Originally ~~ or originally ~~ *
and ** Established as
. However, it seems that they are usually written as * args
and ** kwargs
in the neighborhood. The main difference is whether the variable completion method is tuple
or dictionary
.
*args
def foo(*args):
for a in args:
print a
foo(1) #1
foo(1,2,3) #1\n2\n3\n
If you put * args
as a temporary argument, when you say" how many arguments to take yet "during function creation"
ʻArgs` is responsible for taking all the arguments that come in as tuple placeholders.
def test_var_args_call(arg1, arg2, arg3):
print ("arg1:", arg1)
print ("arg2:", arg2)
print ("arg3:", arg3)
args = ("two", 3)
test_var_args_call(1, *args)
#result
arg1: 1
arg2: two
arg3: 3
An image of preparing the ʻargsvariable first and then covering it with
* args. The first
parameter: 1 is received as ʻarg1
and the rest are all placed inside ʻarg2 and ʻarg3
. By the way, if you specify the number of arguments first and then enter it as a function, be aware that you can only receive as many arguments as the function defined first can receive. If it is def function (arg1, * args)
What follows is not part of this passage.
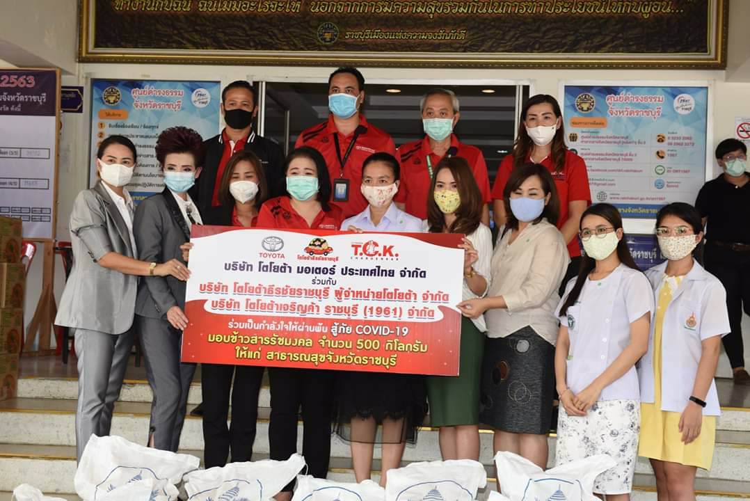 วันที่ 22 เม.ย. 63 ที่บริเวณด้านหน้าศาลากลางจังหวัดราชบุรี นายชยาวุธ จันทร ผู้ว่าราชการจังหวัดราบุรี รับมอบอาหาร เงิน และรถยนต์ให้ยืม เพื่อใช้ในภารกิจของศูนย์บริหารสถานการณ์การแพร่ระบาดของโรคติดเชื้อไวรัสโคโรนา จังหวัดราชบุรี และโครงการคนราชบุรีไม่ทิ้งกัน จากภาคเอกชนในจังหวัดราชบุรี ซึ่งประกอบด้วย คุณสุนิสา อัตถศาสตร์ กรรมการรองผู้จัดการบริษัทโตโยต้าธีรชัย ราชบุรี ร่วมกับบริษัทโตโยต้าเจริญค้า ราชบุรี จำกัด มอบข้าวสารรัชมงคลจำนวน 1.5 ตัน พร้อมให้ยืมรถยนต์ จำนวน 2 คัน

, only the first one goes to ʻarg1 and the rest is taken by
* args`.
def test_var_args(farg, *args):
print "formal arg:", farg
for arg in args:
print "another arg:", arg
test_var_args(1, "two", 3)
#result
formal arg: 1
another arg: two
another arg: 3
If you want to use it like this, you often don't know how many arguments will come, so it's easier to say "process x for the number of arguments that come out" with for loop
. It's a small detail, but if you use return
instead of print
here, only the first one will be displayed. I think the reason is probably that return
has the characteristic that once it is processed, the loop ends. As a countermeasure that comes to mind, save it in a list inside the loop and execute __return statement
outside the __ loop.
def test_var_args(farg, *args):
print("formal arg:", farg)
for arg in args:
print("another arg:", arg)
return arg
#result
formal arg: 1
another arg: two
another arg: 3
3
I tried to force it like this, but I could only get the last three. The reason is that the loop ends with the end of ʻarg` sticking to 3.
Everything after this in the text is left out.